Statin Helps Reduce Stroke, Heart Attack, Revascularization

 

February 9, 2010

CRESTOR (rosuvastatin calcium) is now cleared by the FDA to reduce the risk of stroke, myocardial infarction and arterial revascularization procedures in individuals without clinically evident coronary heart disease. The new indication is for patients with an increased risk of cardiovascular disease (CVD) based on age, high-sensitivity C-reactive, and the presence of at least one additional CVD risk factor, such as hypertension, low HDL-C, smoking, or a family history of premature coronary heart disease.

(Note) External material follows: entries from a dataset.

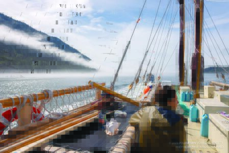 Hokule‘a sails from Prince Rupert to Hartley Bay in British Columbia on July 20. The journey was delayed by fog, and crew members had to be wary of floating obstacles in the water once they set out. Polynesian Voyaging Society / KANAKO UCHINO photo
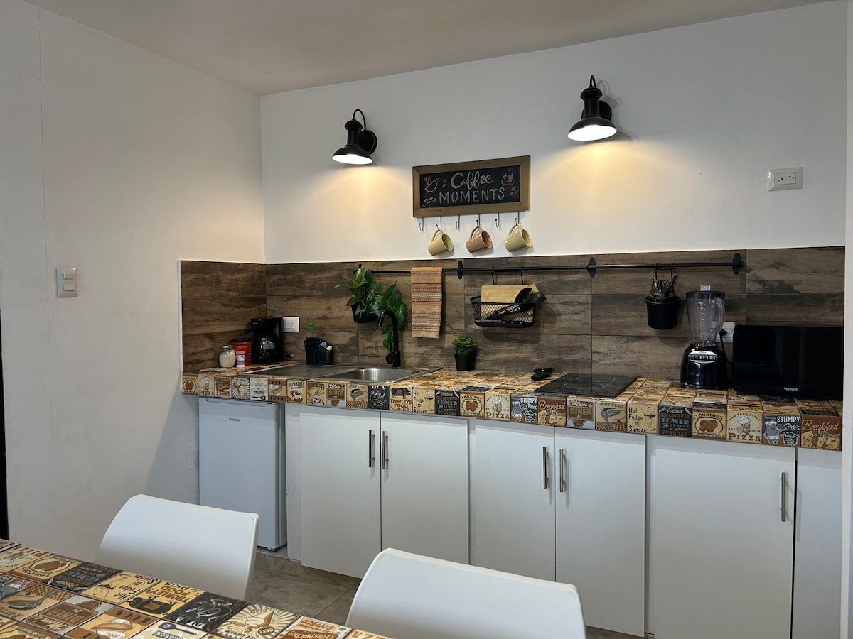 Acogedor y cómodo Loft, totalmente independiente con baño privado, Cerca del Aeropuerto Internacional y de la zona Industrial de Apodaca, estilo cafeteria vintage, equipado y acondicionado para disfrutar de una placentera estancia vacacional, trabajo, o Home Office. Colonia privada, Estacionamineto libre Frente a parque, 2 supermercados a 100 metros de la colonia y minisuper dentro de la colonia, Cerca de centros comerciales!, Vecindario seguro Incluye limpieza semanal en estancias largas
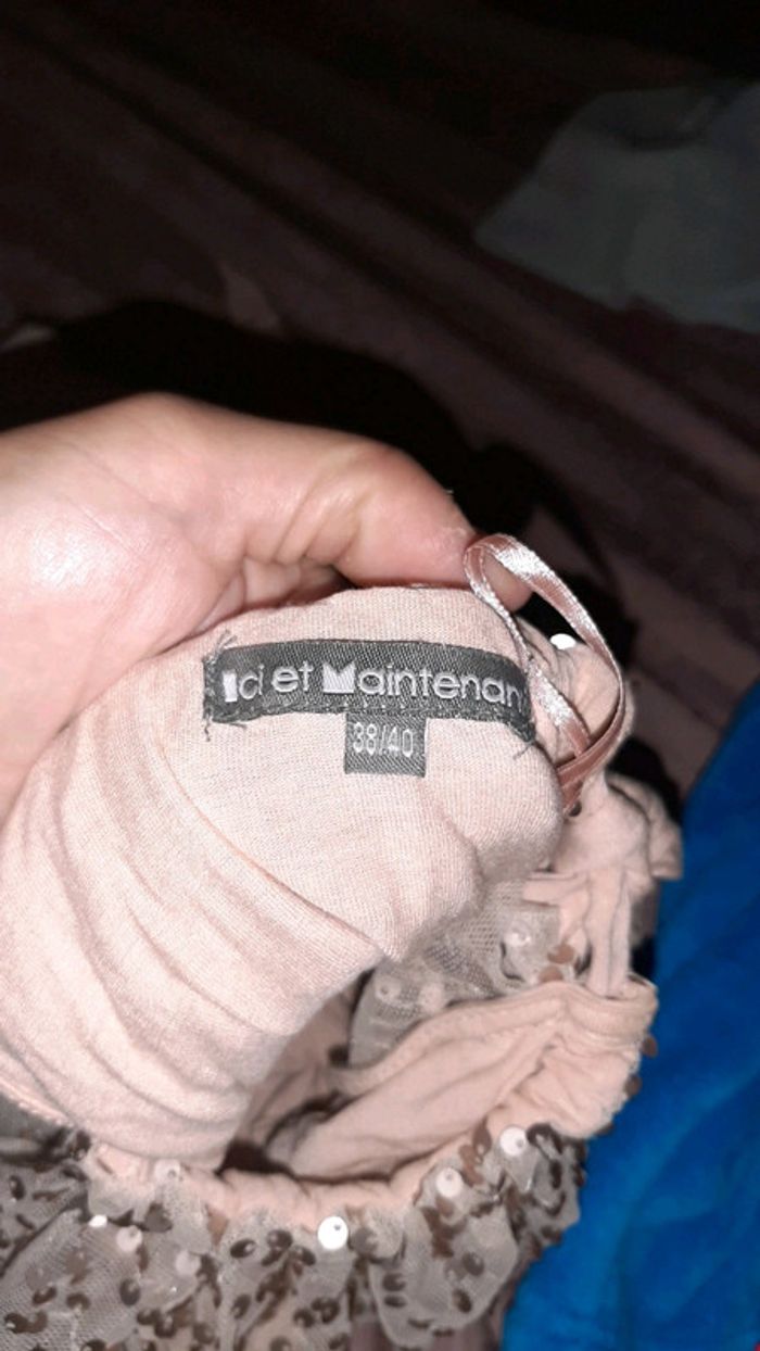 Bonjour je vend ce top en tbe à sequins Les liens s attachent au cou épaules nues Il est doubler Rose clair Marque la halles

The FDA approval was based on data from the landmark JUPITER (Justification for the Use of statins in Primary prevention: an Intervention Trial Evaluating Rosuvastatin) study, which evaluated the impact of CRESTOR 20 mg on reducing major cardiovascular (CV) events in a previously unstudied population. In JUPITER, CRESTOR significantly reduced the relative risk of heart attack by 54 percent, stroke by 48 percent and arterial revascularization by 46 percent vs. placebo.

CRESTOR is already indicated in the United States as an adjunct to diet to reduce elevated total-C, LDL-C, ApoB, non-HDL-C, and TG levels and to increase HDL-C in patients with primary hyperlipidemia and mixed dyslipidemia. CRESTOR is also indicated as an adjunct to diet to slow the progression of atherosclerosis in adult patients as part of a treatment strategy to lower total-C and LDL-C to target levels.